Thursday, May 24, 2012

This is not a happy story


This wasn't the pre-birthday picture that I planned on posting...it captures our hellish drive home from Nashville to Chapel Hill on Sunday perfectly. Here are some bullet points to fill you in:
  • We were set to leave extra early at 5:30am central/6:30am east coast. Bill securely locked his mom's house and then realized that it meant there was no way to get his cell/work phone back from under the bed.
  • Aunt Kristen loved our 6am wake up call/door knock to borrow her key.
  • There is no Starbucks near Donelson/Opryland = PRIME economic development opportunity, people!  
  • Carter has a memory like an elephant and will never forget anything. 
  • Owen has mad puke skills inside a car, on a mountain, trapped, with nowhere to pull over...
  • My default reaction remains to catch projectile vomit.  Why?
  • Dairy Queens in the mountains should have their franchise licenses pulled if they run out of hot fudge, peanuts, and ice cream on a busy travel day with 6 people staffing and no one able to make a sign on the door to alert the unhappy travelers.
  • Please do not tell said unhappy travelers slaving away in the parking lot without the specially requested Peanut Buster Parfait -- "ahhh, I remember those days" unless you want a puke slushy in your face by two unhappy Schwangstons.  Not cool.  Keep your mouth shut, folks.
  • Car seats are designed so that you give up on trying to clean puke out of the crevices.  Actual conversation:  Bill - we should just buy a new one.  Me - do you know how much that costs!?!
  • Puke smell can live in your nostrils for DAYS! Especially if you are trapped in a car for several more hours and its living in the secret crevices under your seat.
  • Puking again 45 min from home means that you just sit in it. There is no more water or towels or clean clothes left or car seat pieces to clean/remove.  And your parents want to cry.  And your brother wants to describe it with a lengthy play by play.  And your mom starts to dry heave. And if we got a speeding ticket, maybe the cop would have escorted us home faster.

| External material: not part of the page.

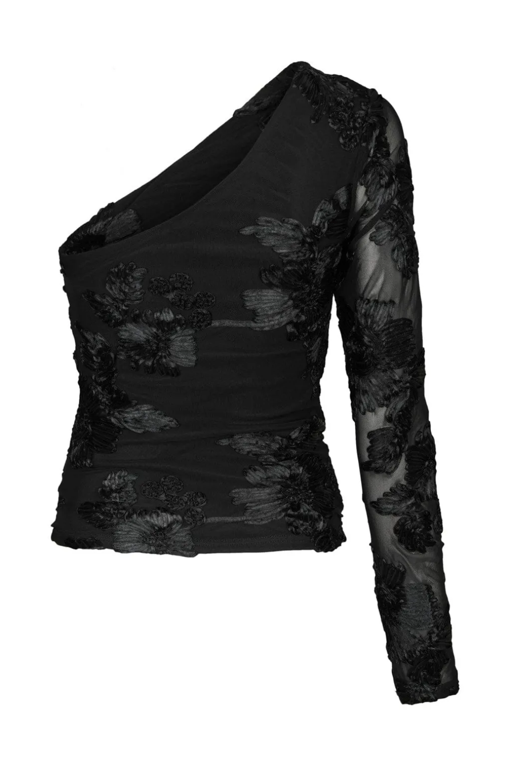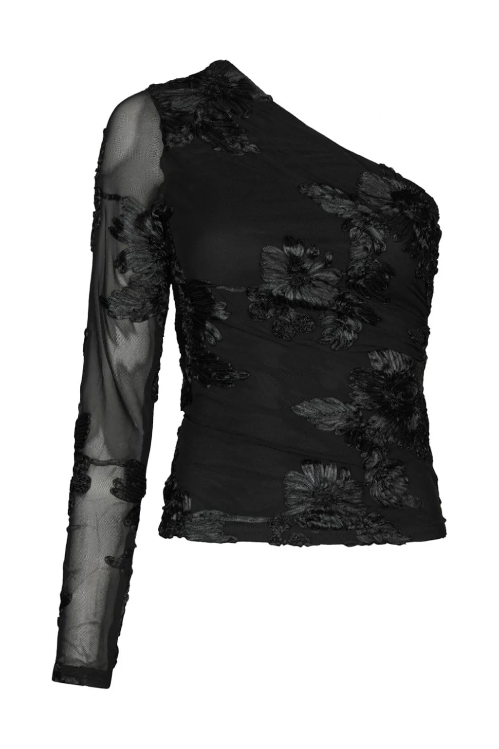 Sort meshbluse fra Neo Noir med blomsterbroderi. Blusen har én-skulderdesign med rynkeeffekt og et langt ærme i mesh. Broderede blomster pryder både fronten og ærmet.

 And, puke #2.  Yep.  Took a pic. Can you blame me? (he actually fell asleep).


3 comments:

Mark said...

Most descriptive post ever. Felt like I was there... minus the odors and nausea. I think there's an opportunity for a reality tv show here. Hope everyone is fully recovered and feeling better.

Mandy said...

Oh. My. Word. Bless your hearts. Becca had a trip like that last year, only the vomit was in a rental car to make it even more fun.

Ashley said...

So funny! Especially the play by play by Carter. Thanks for the laugh...I needed one after your "3 letter word" post!